Why the Emmy Awards and TV in general are so different from the movies and Oscars: I mean, who are these people? TV actors are a breed apart. You recognize their faces and you might know their characters’ names, but whoever they are, you are probably not going to see them again.
That’s why running into Sharon Stone at an Entertainment Weekly party at the Sunset Marquis last night was a thrill: amidst a cadre of familiar but unplaceables, there was Sharon, who’d come as the guest of EW’s intrepid editor, Jess Cagle. You know a movie star when you see one. Sharon is a movie star. And even though she did four episodes of “Law & Order: SVU” this past season, she’s heading back to movies, she told me. Meetings are going on, scripts are being read.
Meantime, the EW party had its moments, including running into two “Mad Men”–Rich Sommer, who plays Harry; and Michael Gladis, who was Paul for the first three seasons–and who knows?–may yet show up again.
Sommer told me that even though Harry used the Yiddish word for thief–gonnif–a couple of episodes ago, I shouldn’t worry that he’s going to turn out to be Jewish. (Sterling Cooper is not a Jewish ad agency by any means.)
“No, he’d just been in Hollywood for a while and had picked up some words he thought were cool.” Sommer, who’s as friendly a fellow as Harry appears to be on screen, is expecting a baby in the next week. Mazel tov! Really!
I was happy to run into Anne Heche, an old friend, who’s doing great on the HBO series, “Hung.” She introduced me to her husband, James Tupper, now on “Grey’s Anatomy.” They are happy as clams. Anne’s had a tumultuous life, but I’m going to tell you something: one day she will an Oscar. She is a great actress. There’s an Anne Heche surprise out there. just wait.
Some of the actors at the EW party had drifted over from the television academy’s annual presentation of certificates to nominees, held at Wolfgang Puck’s Spectra restaurant in the Pacific Design Center. This is where Duncan Hines set up shop and served a variety of cupcakes now causing trouble for those of who have to put on tuxedos tomorrow.
Among the nominees who appeared: Glenn Close, the immortal Mary Kay Place, Fred Willard, Catherine O’Hara, the whole cast of “Modern Family,” someone from “24,” and Julia Ormond.
Fred Willard, the funniest man in the world, took it in stride that his name was spelled wrong on the certificate. How hard is it to spell Willard, really? Too hard for the TV Academy. His wife, Mary, got a rueful laugh out of it.
“I’ve already lost anyway,” Fred said with a chuckle. “To Neil Patrick Harris, last week.”

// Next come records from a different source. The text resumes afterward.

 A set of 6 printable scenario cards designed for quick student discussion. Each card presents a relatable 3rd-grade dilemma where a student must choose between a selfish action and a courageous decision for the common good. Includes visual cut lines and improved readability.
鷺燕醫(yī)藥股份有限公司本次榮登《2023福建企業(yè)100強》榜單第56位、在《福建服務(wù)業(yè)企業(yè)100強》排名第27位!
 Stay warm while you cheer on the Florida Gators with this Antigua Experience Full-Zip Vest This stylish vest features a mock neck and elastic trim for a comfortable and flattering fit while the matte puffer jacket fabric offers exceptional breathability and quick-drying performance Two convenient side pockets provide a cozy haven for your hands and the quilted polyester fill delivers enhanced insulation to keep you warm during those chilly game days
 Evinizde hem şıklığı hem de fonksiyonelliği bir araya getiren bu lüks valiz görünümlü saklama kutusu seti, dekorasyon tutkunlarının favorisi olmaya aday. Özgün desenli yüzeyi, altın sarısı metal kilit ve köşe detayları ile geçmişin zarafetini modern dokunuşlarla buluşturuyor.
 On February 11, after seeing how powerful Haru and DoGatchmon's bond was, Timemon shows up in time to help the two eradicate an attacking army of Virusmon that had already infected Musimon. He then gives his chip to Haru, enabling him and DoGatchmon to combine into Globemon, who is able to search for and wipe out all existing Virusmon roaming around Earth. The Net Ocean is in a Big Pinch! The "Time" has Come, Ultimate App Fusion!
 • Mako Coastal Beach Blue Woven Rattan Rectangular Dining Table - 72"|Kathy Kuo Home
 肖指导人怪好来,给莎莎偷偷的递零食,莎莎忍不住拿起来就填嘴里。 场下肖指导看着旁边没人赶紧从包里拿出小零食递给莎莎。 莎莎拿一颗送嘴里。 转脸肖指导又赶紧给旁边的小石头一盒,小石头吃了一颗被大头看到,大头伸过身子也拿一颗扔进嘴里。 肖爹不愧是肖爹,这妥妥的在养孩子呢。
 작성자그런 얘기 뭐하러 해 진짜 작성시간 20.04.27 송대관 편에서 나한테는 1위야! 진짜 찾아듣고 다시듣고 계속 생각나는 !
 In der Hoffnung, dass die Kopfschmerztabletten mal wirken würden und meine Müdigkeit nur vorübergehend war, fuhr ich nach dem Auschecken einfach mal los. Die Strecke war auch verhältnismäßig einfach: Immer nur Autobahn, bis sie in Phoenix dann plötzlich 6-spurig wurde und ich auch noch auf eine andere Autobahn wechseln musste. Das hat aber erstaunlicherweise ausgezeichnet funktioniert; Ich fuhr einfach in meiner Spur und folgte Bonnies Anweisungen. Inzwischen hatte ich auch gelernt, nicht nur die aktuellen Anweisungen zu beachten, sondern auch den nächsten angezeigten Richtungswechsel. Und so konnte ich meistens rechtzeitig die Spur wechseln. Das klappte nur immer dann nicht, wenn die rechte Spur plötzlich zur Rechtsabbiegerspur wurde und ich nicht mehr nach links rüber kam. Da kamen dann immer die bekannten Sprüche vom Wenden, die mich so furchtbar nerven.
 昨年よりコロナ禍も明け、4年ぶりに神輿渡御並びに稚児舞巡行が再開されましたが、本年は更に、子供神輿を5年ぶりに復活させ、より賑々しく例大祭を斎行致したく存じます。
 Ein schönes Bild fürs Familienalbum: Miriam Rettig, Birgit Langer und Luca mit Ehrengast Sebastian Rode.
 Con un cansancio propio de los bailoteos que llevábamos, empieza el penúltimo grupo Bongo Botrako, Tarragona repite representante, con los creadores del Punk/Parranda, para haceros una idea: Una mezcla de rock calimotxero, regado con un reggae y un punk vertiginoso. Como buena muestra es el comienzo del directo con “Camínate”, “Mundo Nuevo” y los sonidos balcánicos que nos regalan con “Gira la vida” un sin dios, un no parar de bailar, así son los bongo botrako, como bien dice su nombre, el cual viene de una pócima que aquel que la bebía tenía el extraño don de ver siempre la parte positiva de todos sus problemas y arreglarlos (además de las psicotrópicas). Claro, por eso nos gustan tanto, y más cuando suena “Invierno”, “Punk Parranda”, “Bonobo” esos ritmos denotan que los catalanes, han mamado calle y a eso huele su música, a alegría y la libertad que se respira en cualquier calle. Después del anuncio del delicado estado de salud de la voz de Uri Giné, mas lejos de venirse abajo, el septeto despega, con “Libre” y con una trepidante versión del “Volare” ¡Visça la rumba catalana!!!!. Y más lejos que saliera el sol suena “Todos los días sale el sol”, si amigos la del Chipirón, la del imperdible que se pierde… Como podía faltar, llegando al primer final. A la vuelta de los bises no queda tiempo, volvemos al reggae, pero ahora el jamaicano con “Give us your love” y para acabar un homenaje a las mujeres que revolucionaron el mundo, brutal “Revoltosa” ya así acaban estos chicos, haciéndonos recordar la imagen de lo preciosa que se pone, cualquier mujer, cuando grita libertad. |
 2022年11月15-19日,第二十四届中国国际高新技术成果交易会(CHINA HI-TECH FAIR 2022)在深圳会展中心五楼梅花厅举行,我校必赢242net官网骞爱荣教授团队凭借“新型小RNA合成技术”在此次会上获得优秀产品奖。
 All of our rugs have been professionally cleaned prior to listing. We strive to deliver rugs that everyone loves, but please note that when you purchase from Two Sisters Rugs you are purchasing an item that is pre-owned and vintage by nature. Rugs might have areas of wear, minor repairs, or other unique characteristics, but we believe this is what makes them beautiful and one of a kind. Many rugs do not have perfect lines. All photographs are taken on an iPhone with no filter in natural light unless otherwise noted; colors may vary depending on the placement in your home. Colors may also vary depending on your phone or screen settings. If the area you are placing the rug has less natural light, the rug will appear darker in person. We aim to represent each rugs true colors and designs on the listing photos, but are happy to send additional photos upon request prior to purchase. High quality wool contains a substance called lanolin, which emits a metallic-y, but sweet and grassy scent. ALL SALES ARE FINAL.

“Well, you’re not gay and you don’t sing,” someone said.
“No, I don’t sing, and — what?” Fred responded, waiting for a drum riff.
And yes, with Fred and Mary Kay–who also lost last week–the whole thing did seem like an episode of “Mary Hartman, Mary Hartman.” The man who passed out the awards from the dais introduced each actor with an anecdote about himself. It was unintentionally hilarious unless he was mimicking Martin Mull as Barth Gimble from the aforementioned show.